17 be always ready to a unexpected attack.
In 18 What way to win anyone


----------



## NYCRonin (Dec 28, 2004)

I want to thank you for that post - and in a way, I am very happy for the less than english definitve translation - gives even more versatility for consideration. Pervas, my cyber-friend; I wanted to just say "Thank you for the gift"!
Sincerely.


----------



## Sniper (Dec 31, 2004)

1. Fear and rage are pertinent and necessary. The messege I get from those teaching the System is one should reach a state of unemotion. For instance when striking one should strike without emotion. That includes the emotion of low self-esteem. Rage is giving up to animalistic emotion not required of a professional. One need only fear God.

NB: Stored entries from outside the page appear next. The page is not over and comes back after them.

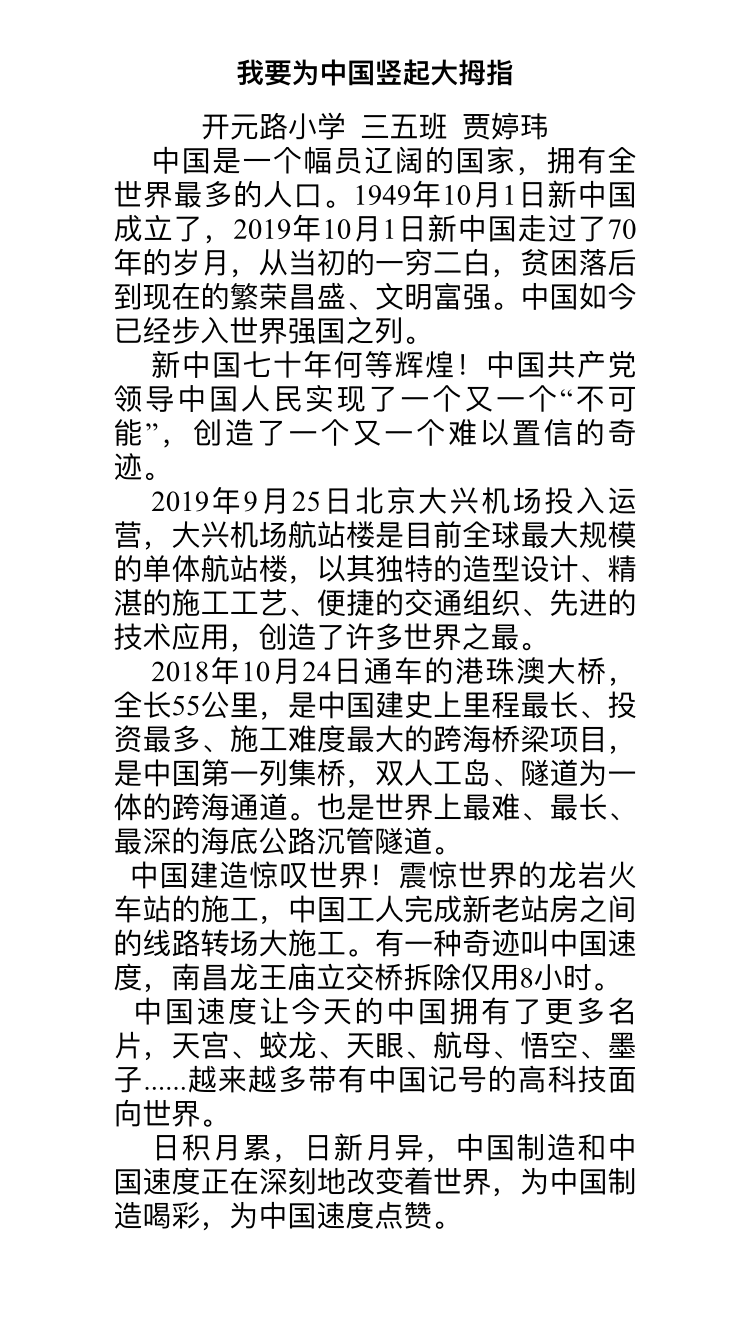 我要为中国竖起大拇指 热423 类别:抒情 发表时间:2019-10-15 15:49 已有 424 次阅读 指导老师:曲剑 所属学校:郑州市惠济区开元路小学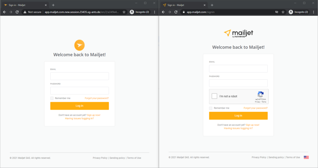 At this point, readers won’t be surprised to learn that any data entered on the fake login page goes straight to the cybercriminals behind the scam. Note, however, that in addition to the misdirection, the fake site transmits the data it harvests over an unprotected channel. The attackers didn’t even bother to replicate the CAPTCHA, although they did insert an example in the e-mail field. We should see a flag in the lower right corner as well. But most users are unlikely to spot those discrepancies.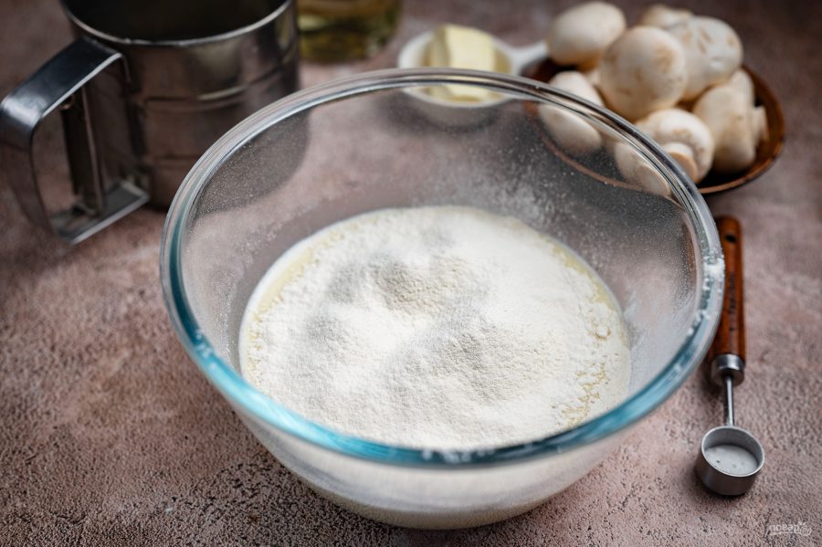 Теперь просейте муку с разрыхлителем.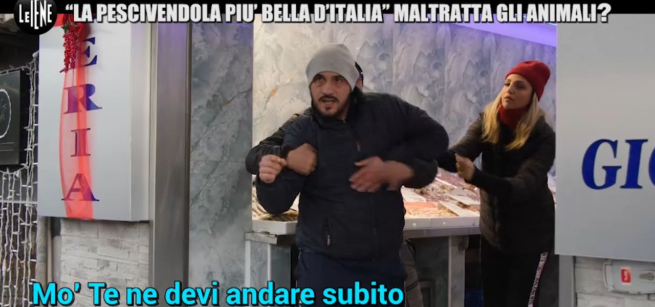 Intervenuti in prima persona nella pescheria di Carmela Febbraro, Rizzi e l’inviato delle iene Filippo Roma intratterranno con la ‘pescivendola più bella d’Italia’ e il marito Luigi un breve scambio di battute nel quale l’animalista ricorderà loro che con quei beceri video stanno commettendo “il reato di maltrattamento di animali [e] manifestazione non autorizzata” penalmente perseguito, notando anche che “fumate dentro una pescheria” nella quale vengono esposti i pesci pronti per la vendita.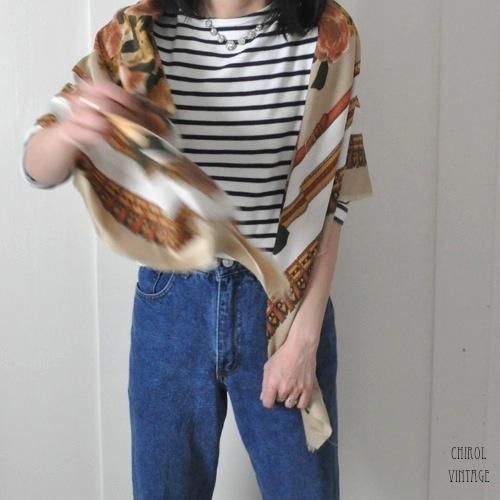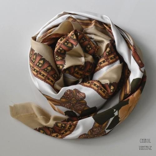 ベージュトーンのリッチなプリントが美しい、ビッグサイズのヴィンテージショール。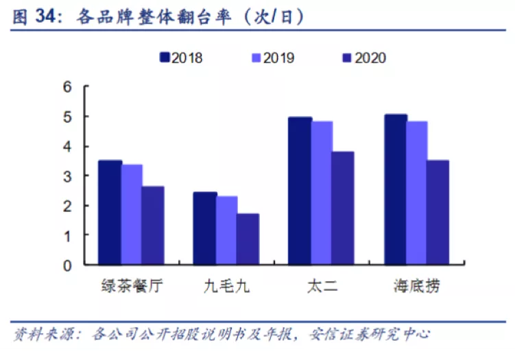 九毛九集团旗下九毛九品牌翻台率于2018年至2020年分别为2.4次/日、2.3次/日和1.7次/日,下降明显;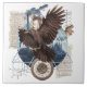 The image of an eagle collage is a fascinating representation that combines different elements and symbols in an artistic composition. In the foreground of this collage is a majestic flying eagle that captures the viewer's attention. The eagle is a symbol of strength, freedom and majesty and could serve here as a central motif that anchors the meaning of the collage.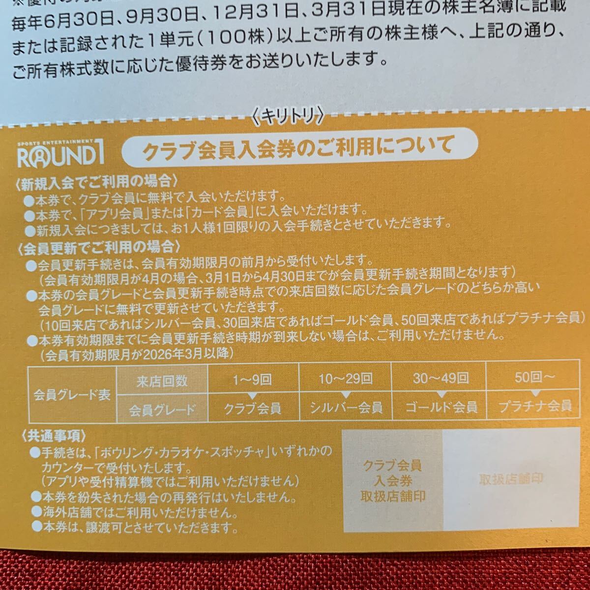 ラウンドワン株主優待券500円×3枚+クラブ会員入会券1枚+健康ボウリング教室レッスン優待券1枚で個数1です。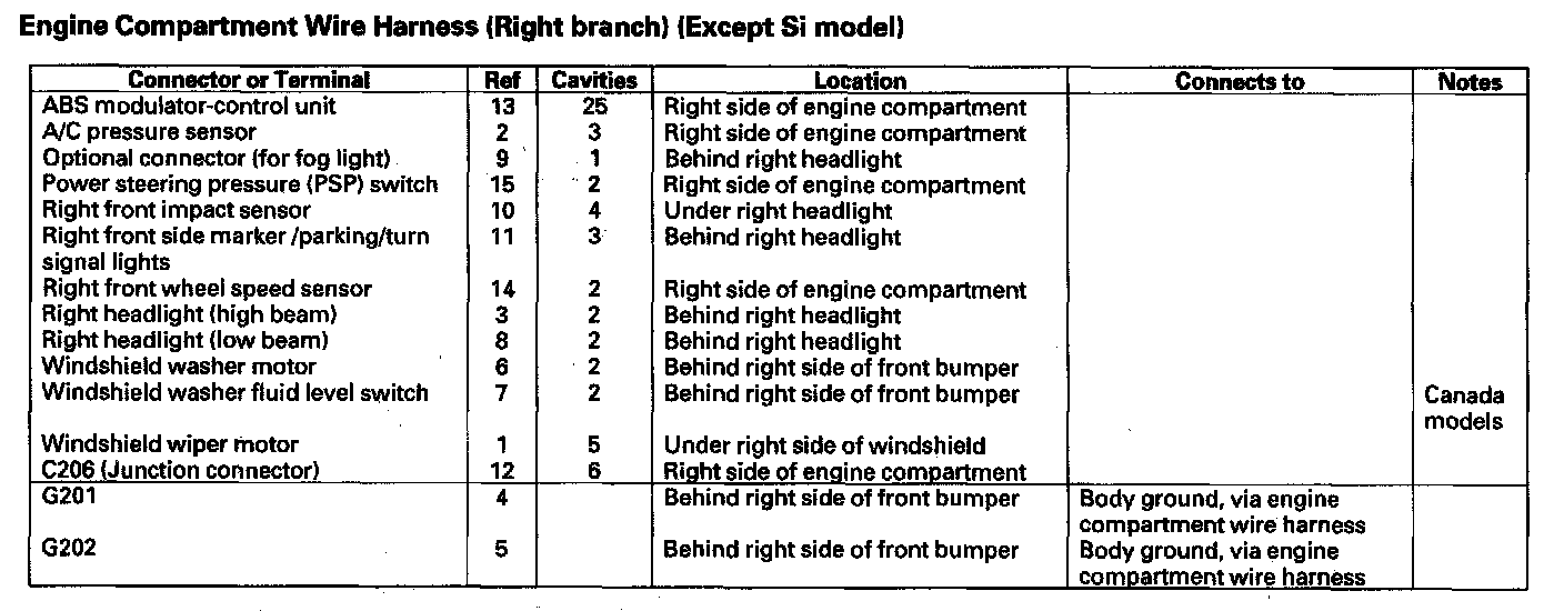 Engine Compartment Wire Harness (Right Branch) (Except Si Model)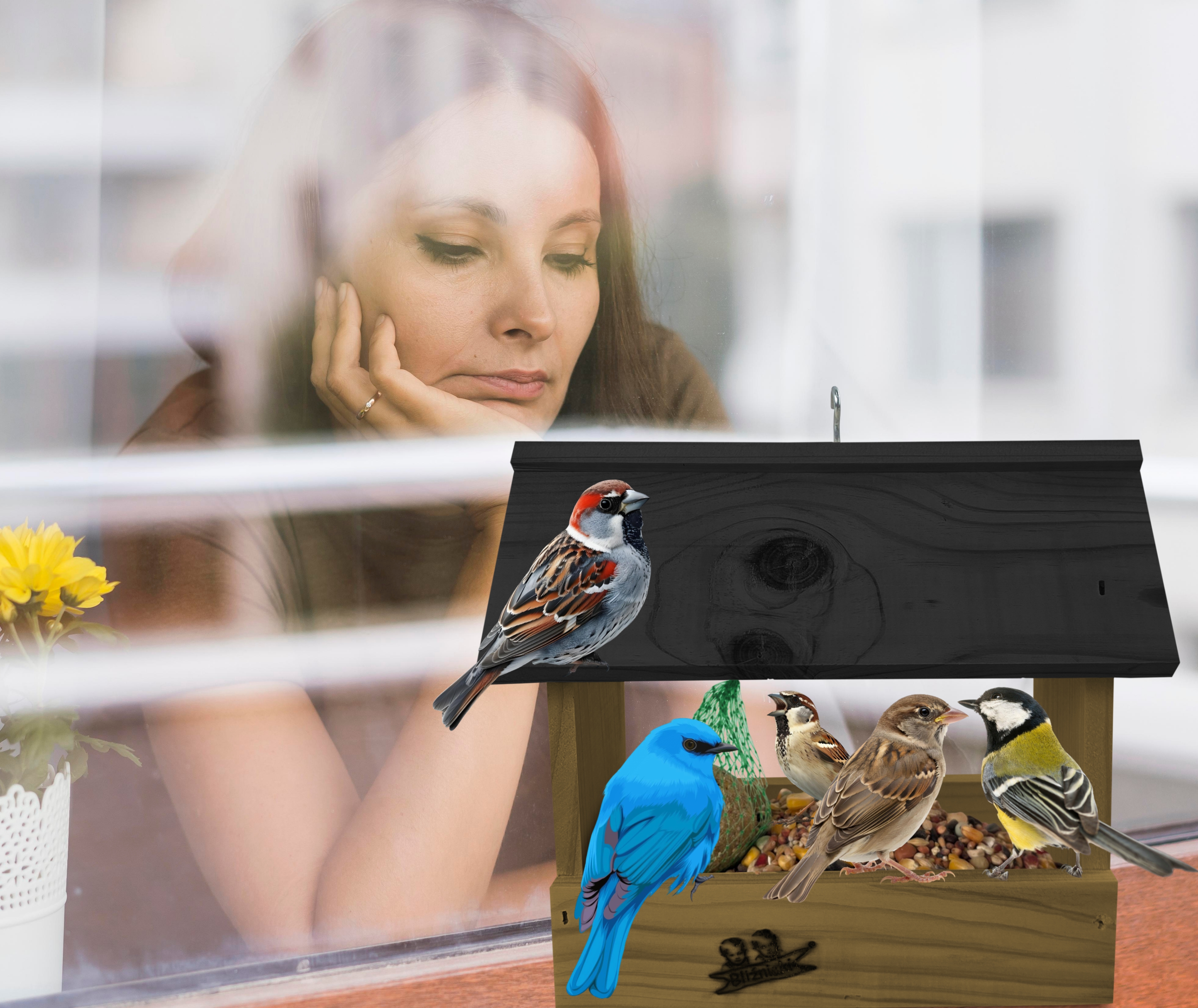 Karmnik drewniany dla dzikich ptaków z haczykiem domek schronienie dla sikorek na okno na balkon K204 DEB CZ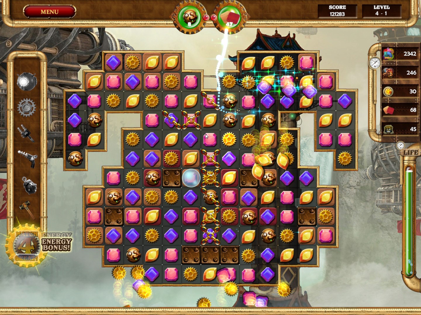 В новой игре три-в-ряд «Бессумеречный город. Механическая армия» действие разворачивается в вымышленном городе, полном механических чудес. Здесь изобретатели пользуются всеобщим уважением и обласканы правителем города, королем Уильямом. Однако кое-кому почестей и уважения оказалось мало: бывший придворный изобретатель, профессор Базель, лишившийся своего места благодаря талантливому юноше Хиро, решил отомстить. Для этого он тайком изготовил целую армию механических солдат и неожиданно нанес удар, разрушив полгорода и захватив королевский дворец. И теперь только Хиро и его изобретения могут помочь королю остановить Базеля и восстановить былое великолепие Поднебесья.Главные герои, уровни и карта, а также всевозможные бонусы выполнены в стимпанковской стилистике. Геймплей - типичный для игр такого плана. У вас есть игровое поле, на котором размещены различные предметы. Перемещая их между собой, нужно добиваться, чтобы они выстраивались в линии из трех и более одинаковых. Выстроенные линии сгорают, а предметы выше этих рядов опускаются на место сгоревших. Игрокам также доступны различные бонусы, которые заряжаются, если собирать по три в ряд определенные предметы, каждый раз разные.Задачи в игре тоже типичные для три-в-ряд: нужно собирать предметы, разбивать плитки, опускать различные квестовые штучки в низ игрового поля и тому подобное. Ничего, с чем бы не справился игрок, хоть раз игравший в подобную игру. Ну а для совсем неопытных пользователи доступен простой режим прохождения, когда ограничений по времени нет совсем. Для всех остальных подойдет режим со временем.Игра разбита на пять глав, в каждой доступно несколько улучшений для города, и после того, как очередное из них куплено, картинка на заставке меняется: пожары прекращаются, разрушения и завалы разбираются. Также меняются поля для прохождения уровней.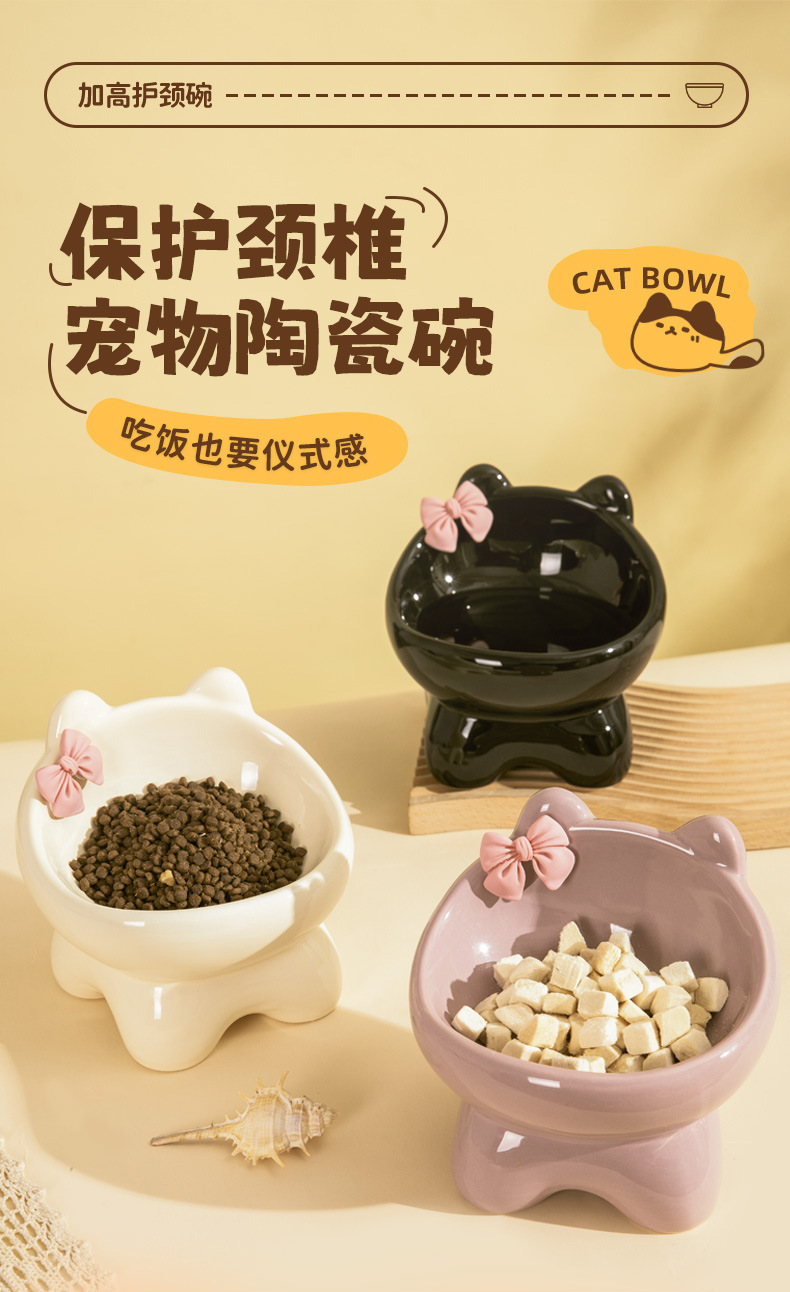 고양이 세라믹 그릇, 귀여운 나비 매듭, 키가 큰 애완 동물 그릇, 먹고 마시는 목 보호 고양이 그릇, 개 그릇, 맞춤형 가공스토어 가기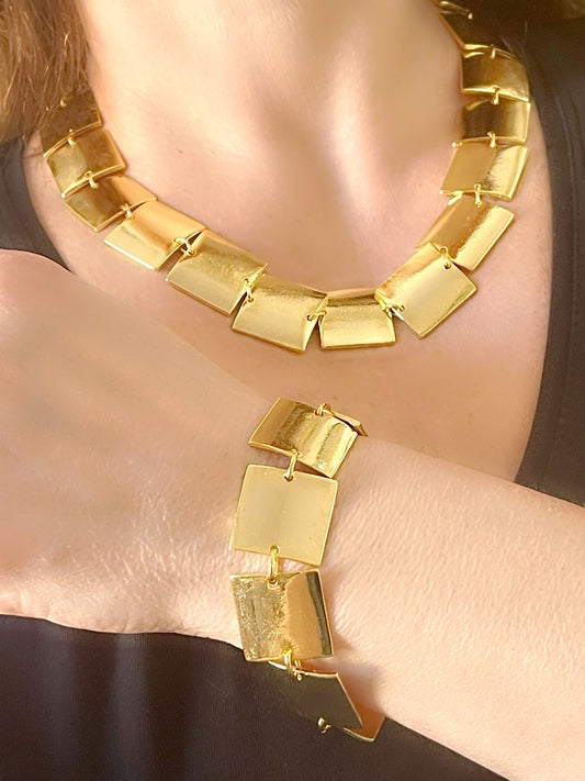 Vintage Iconic Paco Rabanne Cubic Jewelry Set Art Deco Style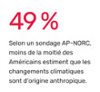 Moins de la moitié des Américains estiment que les changements climatiques sont d’origine anthropique, selon un sondage AP-NORC publié au début de l’année.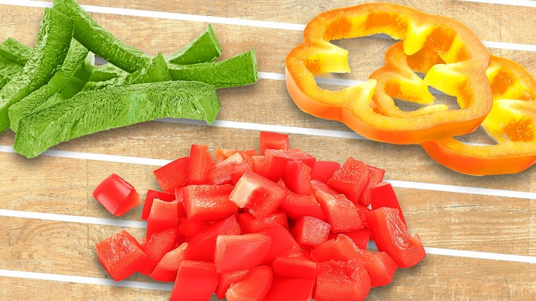 Bell peppers are a versatile fruit (that's right — not a vegetable) that are delicious in a variety of dishes from an omelet to stir fry. The crunchy and colorful vegetables add both flavor and texture to any dish they're added to. They also have a lot of health benefits, because they're high in nutrients like vitamin C, vitamin K, and potassium. Bell peppers come in different colors like green, red, yellow, or orange, but no matter what variety, it's important to know how to cut them to match the recipe.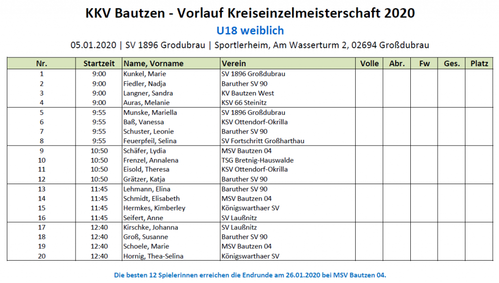 Vorlauf KKV Bautzen Kreiseinzelmeisterschaft 2020 U18 weiblich Veröffentlicht am 11. Dezember 2019 von Lange 05.01.2020 | SV 1896 Grodubrau | Sportlerheim, Am Sportplatz 4, 02694 Großdubrau

If one tries to relax, where goes the rage?

2.In work of cruelty and roughness should not be: again the work of a professiona should not be done with rage or fear or roughness....does this contradict number one?

3. Work carry out with the minimal expenses of efforts: rage would overshadow minamalist effort, wouldn't it?

4.be always ready to a unexpected attack: if one is ready for an unexpected attack then that attack would be expected, wouldn't it. Having a little fun with this one but, serious with the others.

Btw, who is Vadim Starov? :asian:


----------



## Woody (Dec 31, 2004)

Hey there Sniper!

 You raise some good points for discussion. Please understand that I am a base novice at Systema. Nevertheless, as I understand the necessity for fear and rage is the concept that both fear and rage have made strong contributions to the survival of humans and thus are evolutionarily programmed into each of us. Kinda like they earned their places at the table, so to speak.

 Because they are there within us, we fight with ourselves should we try to suppress them.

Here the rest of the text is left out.